Once I entered the temple, I was amazing by the size of the Buddha. The reclining Buddha is about 45 feet tall but an astounding 150 feet long from head the toes. His right arm supports his head with tight curls on two box-pillows made up of blue, richly encrusted with glass mosaics. Another amazing detail visible is the feet that are 15 feet high and inlaid with mother-of-pearl. The gold covering on the statue is absolutely stunning. It is the only reclining Buddha in the world. I learned that Thailand is about 95 percent Buddhist.

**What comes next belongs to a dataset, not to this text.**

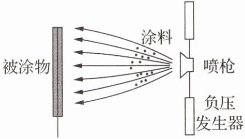 。如图所示,静电喷涂时,喷枪喷出带负电的涂料粒子,快速向带
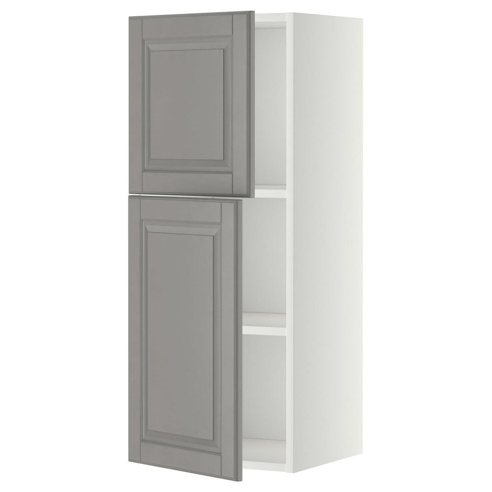 МЕТОД Навесной шкаф с полками/2дверцы - белый, Будбин серый, 40x100 см

After my visit, I grabbed some ice cream nearby and bought a couple of things in a local street market. Then, I caught the river ferry across the Chao Praya River to the Temple of the Dawn (Wat Arun) located on the west bank.

Wat Arun

Wat Arun

Climbing up Wat Arun

Climbing up Wat Arun

Wat Arun is considered to be the most famous and photographed temple in Bangkok. Its spire soars more than 220 feet into the sky and is decorated with tiny pieces of colored glass and Chinese porcelain. I walked up a perilously steep flight of stairs that were extremely narrower than the length of my feet. I made sure I held on to railing because a fall here would probably be fatal. In fact, I am sure they wouldn’t let people climb such a structure in the U.S.

Sunset from Wat Arun

Sunset from Wat Arun

After watching sunset I was worn out and decided to head back to the hotel. I caught my first Tuk Tuk to the central rail station where I saw tourists waiting on the Chiang Mai night train. I then walked into the metro station and took the metro back to the Sukhumvit road station and took a taxi back to the hotel. I ate a snack, showered, watched a little of the BBC and Thai television before going to bed.